Прибой и берега
— Мы весьма признательны за ваше любезное предложение, — сказал Посол, вставая. — Для него будет — как бы получше выразиться, — будет естественнее вернуться домой таким образом. Мы следуем принципу: оказывать всемерную поддержку тому, кто попал в щекотливое политическое положение, — но никакого открытого вмешательства. Припомните Троянскую войну, и вам все станет ясно. Надеюсь, вы понимаете, что мы придерживаемся нейтралитета.
— Я отлично вас понимаю, Трижды Высокочтимый, — сказала она, протягивая ему руку. — Прошу вас не забыть передать мой поклон.
— И вы сделаете все, чтобы он уехал как можно скорее? — сказал Посол. — Вообще я, пожалуй, оставлю здесь парочку своих людей — так сказать, для контроля. Мы пришлем за ними недельки через две. Надеюсь, вы не против?
— О, ничуть! — ответила она. — Как я могу быть против?
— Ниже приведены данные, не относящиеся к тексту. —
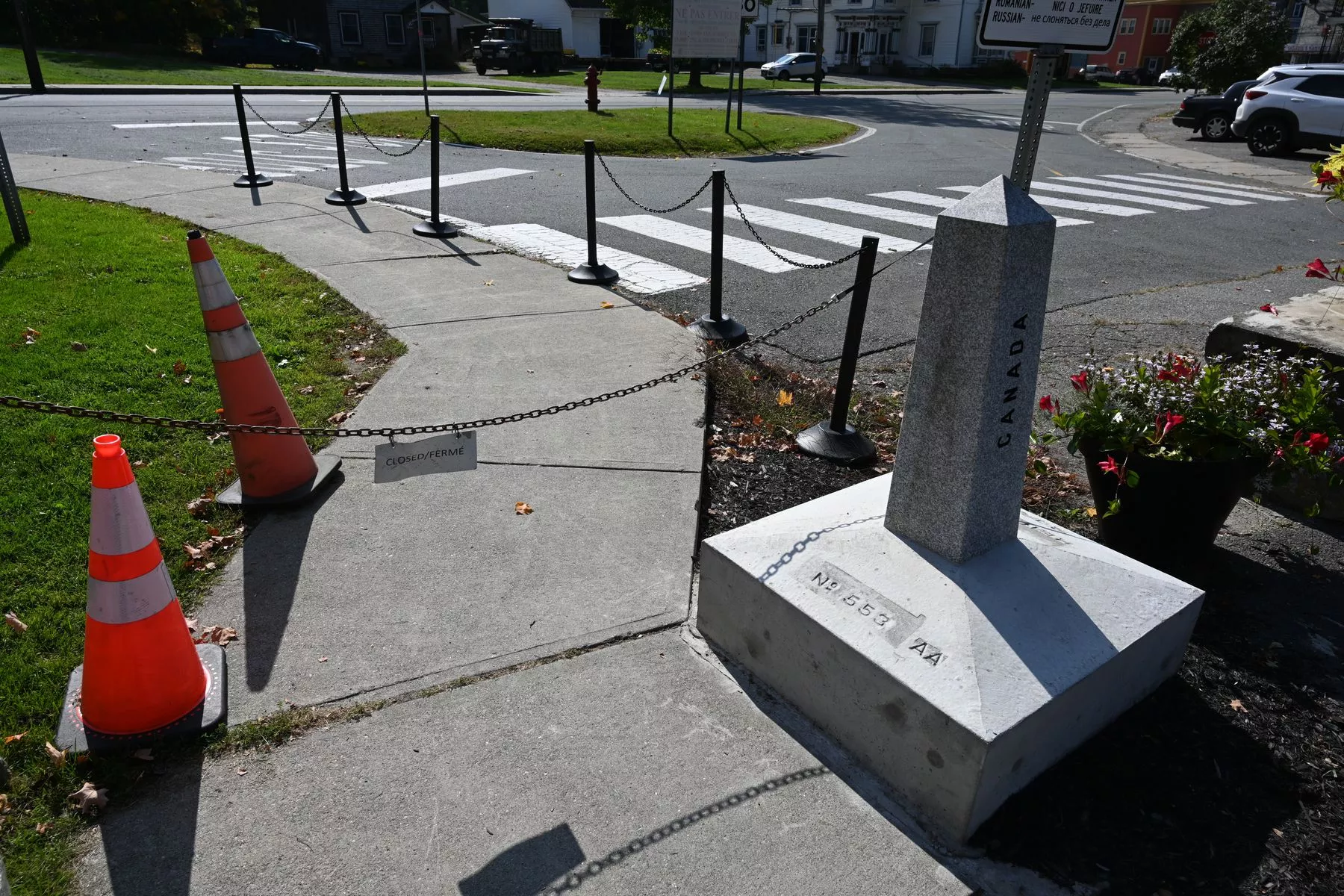 Auf der anderen Seite des Hauses ist die Grenze mit diesen Findlingen markiert. Ich stehe hier auf kanadischer Seite und die Autos in den USA.

Когда он проходил через наружный двор, от стены отделились четверо из его свиты и стали спускаться следом за ним к Восточной бухте, куда днем перегнали его корабль. Каждый из них нес по два копья, лук, колчан и вообще был в полном вооружении — с мечом и щитом. На полпути Посол отдал им приказ, и они гуськом зашагали к прибрежной скале с левой стороны, где все еще маячила неподвижная фигура.
Калипсо обмякла. Она по-прежнему стояла посреди комнаты спиной к очагу. Но стала как-то меньше ростом, незначительней. Она закрыла лицо руками.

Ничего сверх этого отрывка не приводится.